In 2021, LSE100 will again provide every new LSE undergraduate with a course on AI which foregrounds ethical, social and political challenges. But now, we’ll have the opportunity to have every student read On the dangers of stochastic parrots. It’s a perfect match: the authors’ clear explanation of the technical challenges involved in creating large language models, along with both environmental and bias concerns, will be of great value to our students. A quick unearned thank-you, then, to Google for bringing this important paper to everyone’s attention. Two thousand students might have missed out. It’s Malibu all over again – and for a sense of how that turns out, be aware that Streisand lost the lawsuit, and the photograph in question is plastered everywhere from Wikipedia to the top of this very page.
Stochastic Parrots raises at least two of the most important issues with giant language models. These language models are increasingly good at generating human-like text. But this comes with a significant environmental cost in the energy drain of training massive models, and with the very real risk that as these models get better at emulating human writing, they will at the same time learn to mimic, replicate and reinforce our biases. Researchers, including those at OpenAI who created GPT-2 and GPT-3, have also expressed fears about the potential malicious use of the tool, a dual use which I’ve discussed before.
But there is another significant danger to which medical scientists particularly must attend. As language models improve, we are closing in on the ability to train a model on a corpus of existing research to generate research papers which are near-indistinguishable from real research. Over the past few years, at conferences and workshops, I have touted a new list of challenges which form the core of a field of meta-medical science, my personal analogue for David Hilbert’s famed 23 problems of mathematics from 1900. While this list is not quite ready for daylight, it merits saying that the impact of giant language models will be felt, in particular, on one of these problems. I call this the Masquerading Problem.
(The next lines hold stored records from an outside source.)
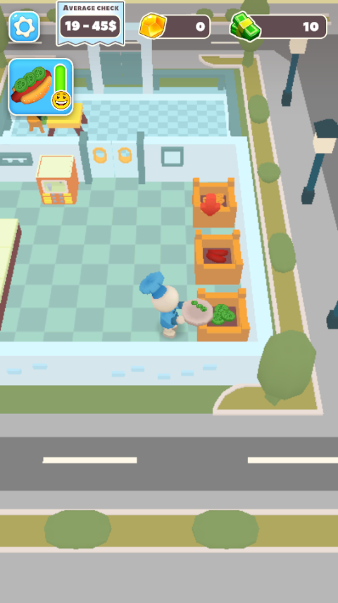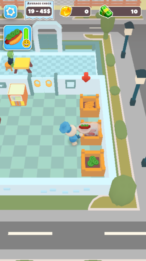 1、在本地下载打开该游戏,进入游戏主页面。你需要自己一家厨房,当迎来客人时要注意他们点的食物。比如这个客人点了热狗面包,你要走到蔬菜面前点击蔬菜,将绿色的蔬菜装盘。
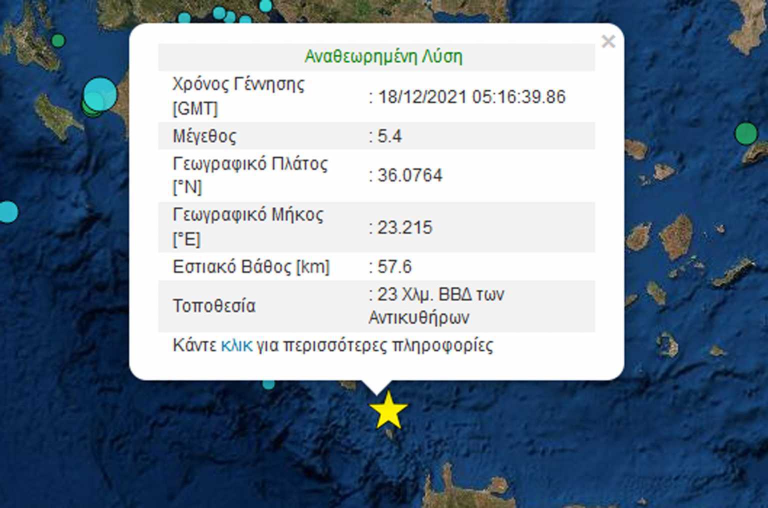 Σύμφωνα με το Γεωδυναμικό Ινστιτούτο ο σεισμός είχε εστιακό βάθος 57,6 χλμ και σημειώθηκε 23 χιλιόμετρα βόρεια από τα Αντικύθηρα και στη θαλάσσια περιοχή με τα Κύθηρα.
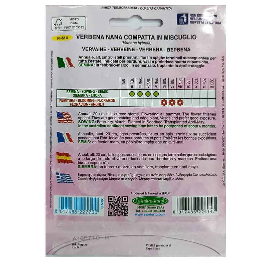 Η Βερβένα NANA COMPATTA είναι ετήσιο φυτό που φτάνει τα 20 εκ. ύψος, με συμπαγείς, κυρτούς μίσχους και πυκνές ταξιανθίες από μικρά άνθη. Προσφέρει πλούσια και διαρκή ανθοφορία καθ’ όλη τη διάρκεια του καλοκαιριού, καθιστώντας την ιδανική για παρτέρια, γλάστρες και ανθοσυνθέσεις. Η σπορά γίνεται σε σπορείο τον Φεβρουάριο-Μάρτιο, με μεταφύτευση στην ύπαιθρο ή σε γλάστρες τον Απρίλιο-Μάιο.
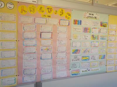 2階廊下に、一人一人が作った人権標語を掲載しています。
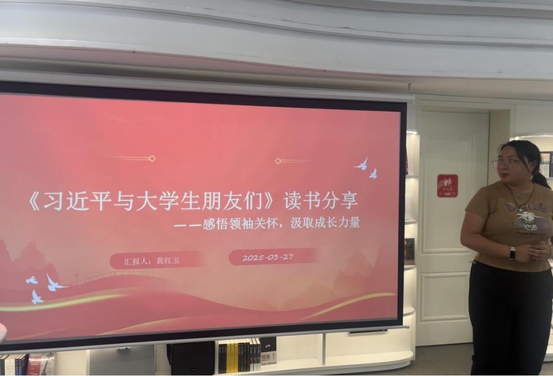 分享会上,黄红玉结合《习近平与大学生朋友们》,深情讲述了习近平总书记对青年一代的殷切期望和亲切关怀。她分享道:"书中那些平实而深刻的对话,让我深刻感受到党和国家领导人对青年的重视。作为新时代大学生,我们更应脚踏实地,将个人理想融入国家发展之中。"
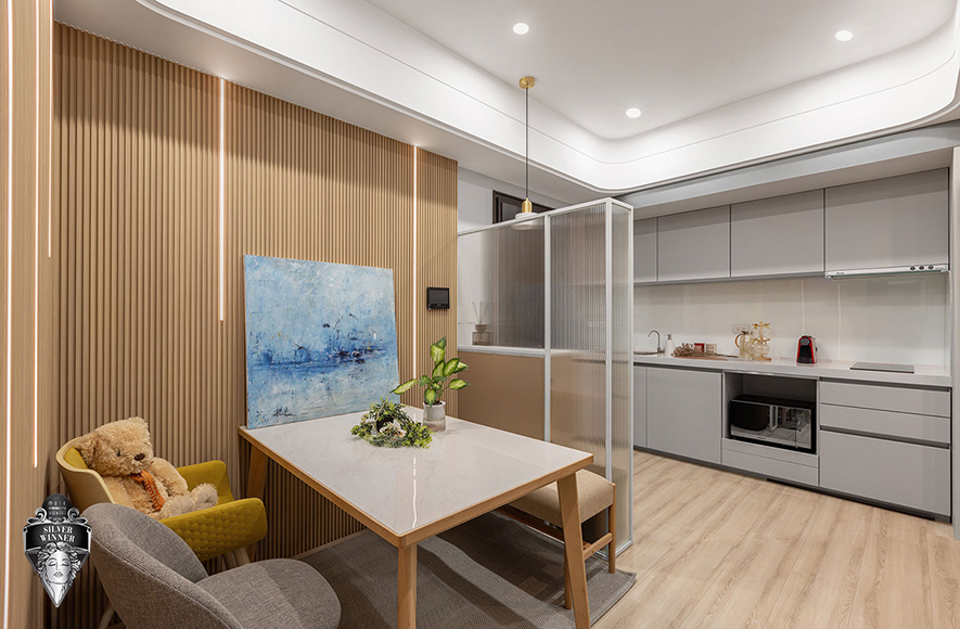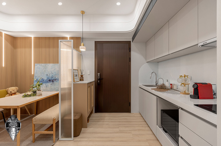 9美国 MUSE Design Awards致力于发掘全球设计缪思,涵盖建筑、室内、时尚等领域。2026年共吸引来自124国、超过十万件作品参赛,由200多位专业评审严格遴选,为国际设计界的重要指标。在作为设计师自用示范宅兼办事处的《光落之境》中,艾美幸福设计 设计总监 许捷甯 活用大面积长虹玻璃、镜面及大理石等建材,透过其反射特性延展空间纵深感,配合搭载多样弹性功能的吧檯、榻榻米区,以实际作品达至宣传品牌可将小宅化作视野开阔、机能充沛场域的效果;贴合示范宅和办事处定位的匠心设计,亦紧扣赛事着重创新巧思的核心理念,成功赢得「银奖」佳绩!
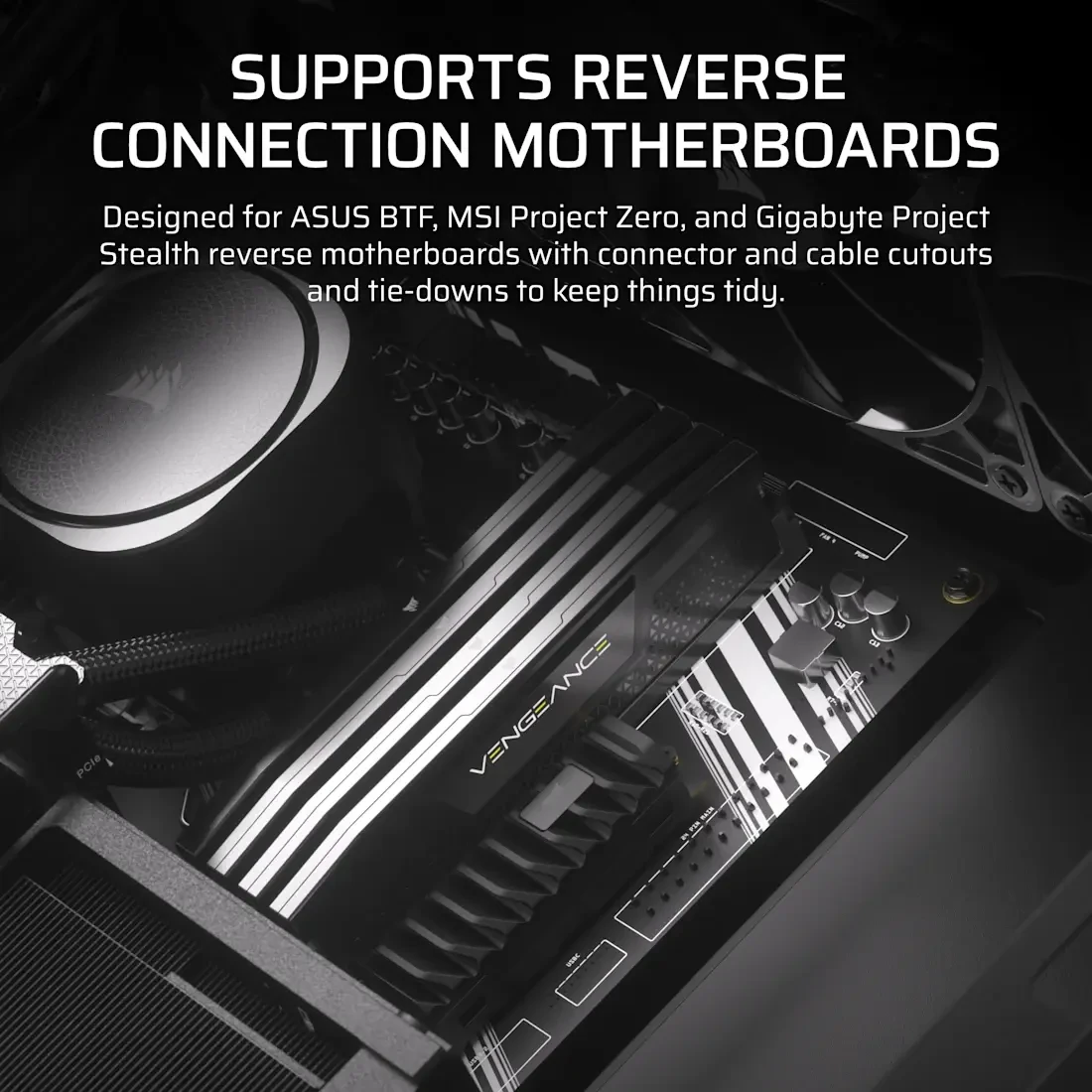 – The CORSAIR FRAME 4000D RS is a fully-modular and spacious mid-tower PC case featuring InfiniRail™ Fan Mounting System and compatible with reverse connector motherboards.
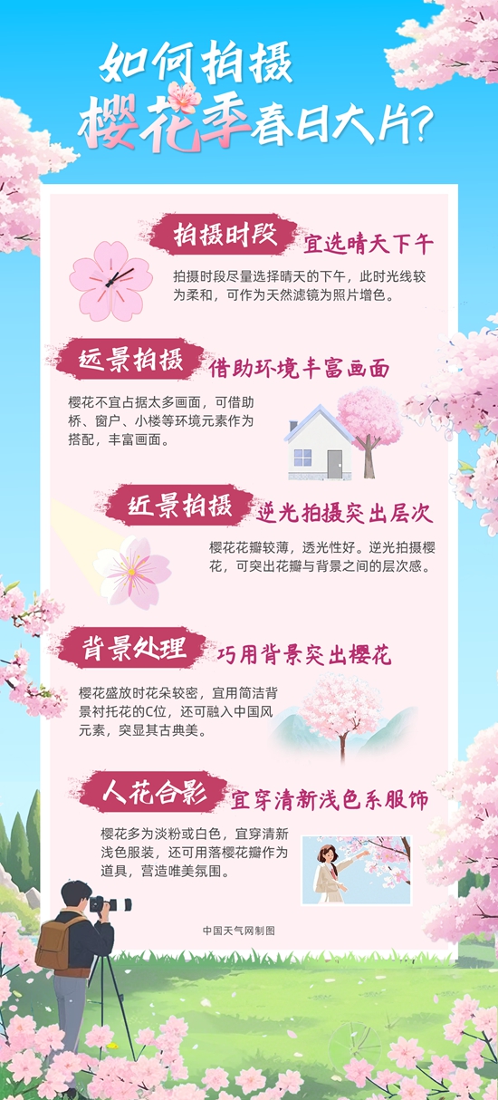 櫻花盛放燦若云霞,但花季卻十分短暫,拍照是留住櫻花之美的絕佳方法之一。如何捕捉櫻花的層次感?人花合影如何營造浪漫氛圍感?中國天氣網(wǎng)從景別、構(gòu)圖、拍攝時(shí)段等方面總結(jié)了拍攝小貼士,助你拍出絕美春日大片。

We know that some studies in the medical literature are fraudulent, using invented data, merely masquerading as genuine reports of medical trials. It would be hubris to assume that we catch all of these. Moreover, many more studies will have some element of evidential masquerade, whether in fudging data, manipulating measures, or misrepresenting the methodological features of a study. The Masquerading Problem asks how good our existing systems (peer review as well as algorithms and tests to detect fake data) are at detecting masquerading of various kinds, and whether we can make our systems more sensitive to fraud and misrepresentation. The proliferation of giant language models – now and in the future – make this task much more challenging. We must ask how robust our systems are at masquerade detection, whether by human deception or by automation.
AI can function as an amplifier. Patterns are detected, replicated, and ultimately those replications are often fed back into the algorithm or into the training data of the next generation of algorithms. Existing biases and harms get amplified along with the rest. Like the observer who wishes to know how the magic trick is done, we’d best pay close attention to exactly what the magician is trying to divert us away from. For that alone, Stochastic Parrots is perhaps 2021’s most required reading.